Red-hot U.S. inflation fuelled worries about even more aggressive policy tightening in a big week for central banks.

Wall Street hit a confirmed bear market milestone and bond yields struck a two-decade high.

In US farm markets, only some wheat prices tested marginal gains in overnight trading, as SRW prices closed just 0.02% higher; Kansas City wheat prices stayed 0.06% lower; spring wheat prices were 0.02% higher, by the closing bell. 

But everything rest was in the red by the close after the broad sell-off which led the equities into a bear market territory. 
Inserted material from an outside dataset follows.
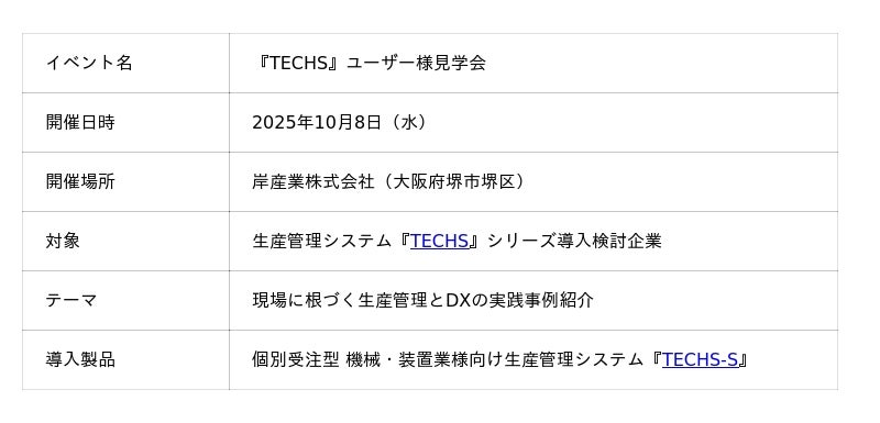 今回のレポートでは、岸産業株式会社様(大阪府堺市堺区)での開催の様子を取り上げ、生産管理システムの導入背景や運用のノウハウ、現場での活用ポイントなど、DXを現場に根づかせるための実践例をご紹介しています。
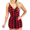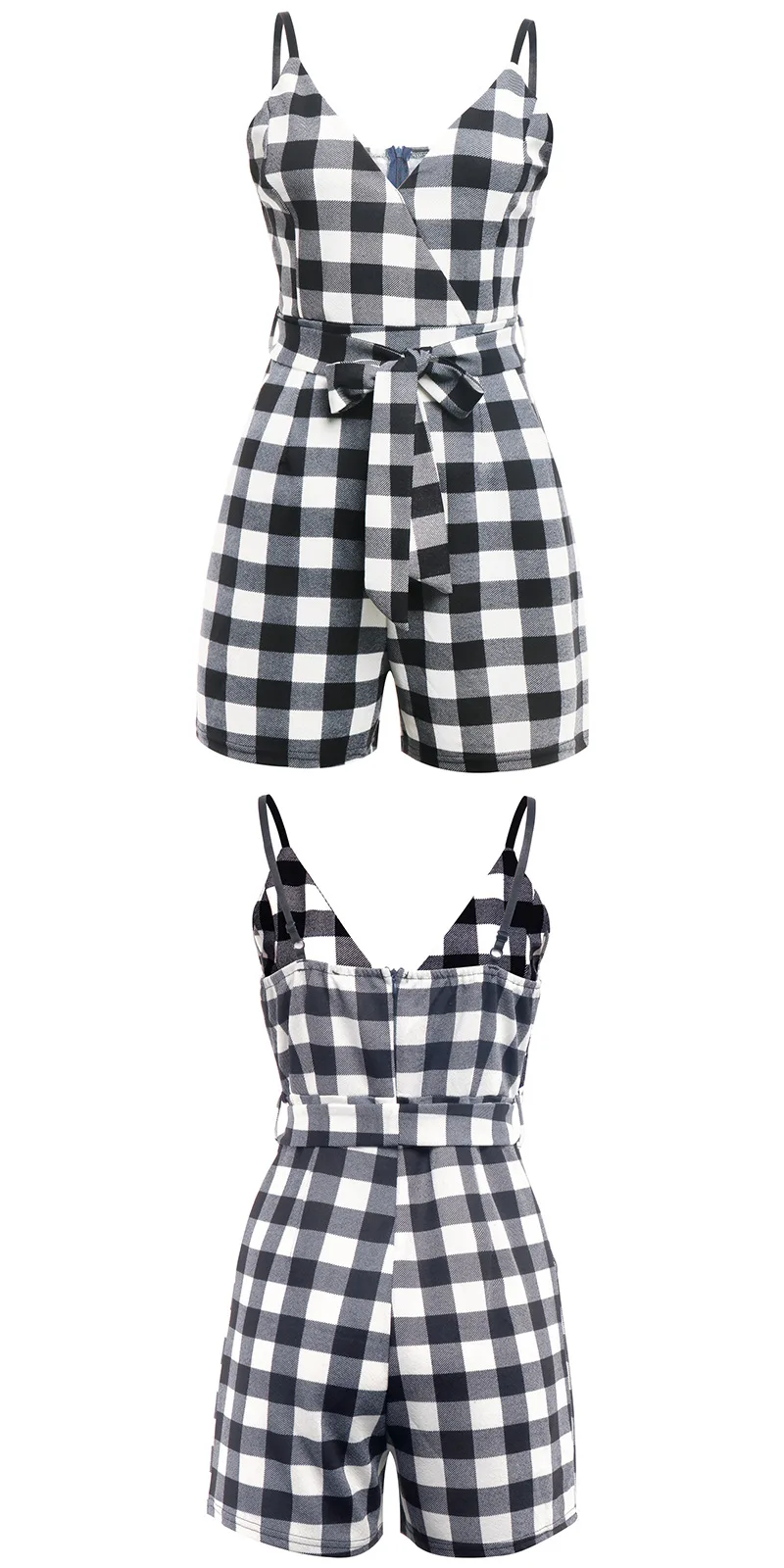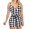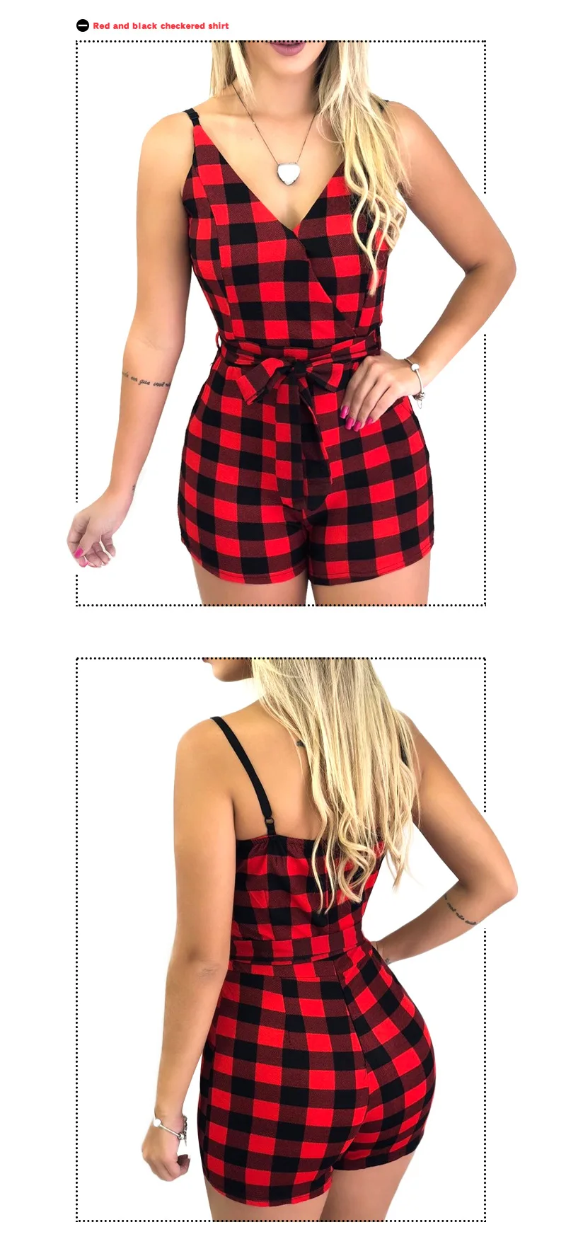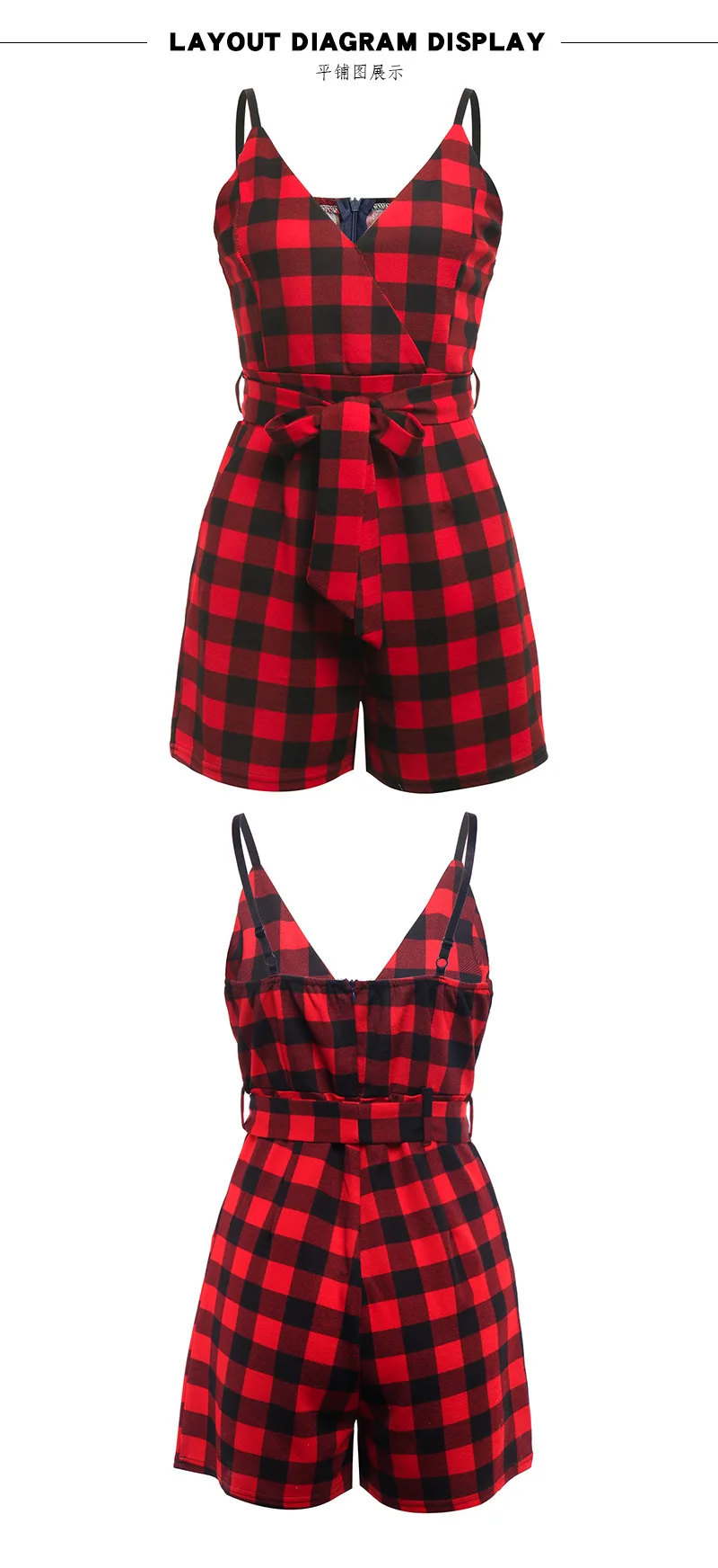 Fashion Plaid print Jumpsuits Women V-neck Sleeveless Backless Sexy bodysuit Summer Zipper Bodycon Belt Red Black Jumpsuits

Soybeans suffered the biggest setback, with prices slumped 2.18% lower. 

Meal was the drag of the market, closing 3.26% down. 
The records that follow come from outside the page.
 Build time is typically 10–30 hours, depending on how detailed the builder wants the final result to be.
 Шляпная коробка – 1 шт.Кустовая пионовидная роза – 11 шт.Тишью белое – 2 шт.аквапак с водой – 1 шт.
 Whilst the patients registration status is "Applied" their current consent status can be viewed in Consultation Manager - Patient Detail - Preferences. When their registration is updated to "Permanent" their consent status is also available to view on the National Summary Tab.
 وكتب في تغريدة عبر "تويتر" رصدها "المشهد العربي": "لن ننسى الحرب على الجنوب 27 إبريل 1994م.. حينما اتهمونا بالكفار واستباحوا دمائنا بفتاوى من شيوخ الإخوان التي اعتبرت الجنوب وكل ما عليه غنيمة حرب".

Soy oil prices closed 1.61% lower. 

Corn losses were more manageable as July contract trended 0.52% lower.

In energy markets, oil prices rose about $1 in volatile trade on Tuesday.

U.S. West Texas Intermediate (WTI) crude, indeed, rose 96 cents, or 0.8% to $121.89 a barrel at 06:34 GMT, while Brent crude futures rose $1.05, or 0.9%, to $123.32 a barrel.

On Monday Brent crude rose 26 cents to settle at $122.27 a barrel. 

U.S. West Texas Intermediate crude rose 26 cents to settle at $120.93 a barrel. 

However the trade was volatile, as prices down about $3 a barrel earlier in the session.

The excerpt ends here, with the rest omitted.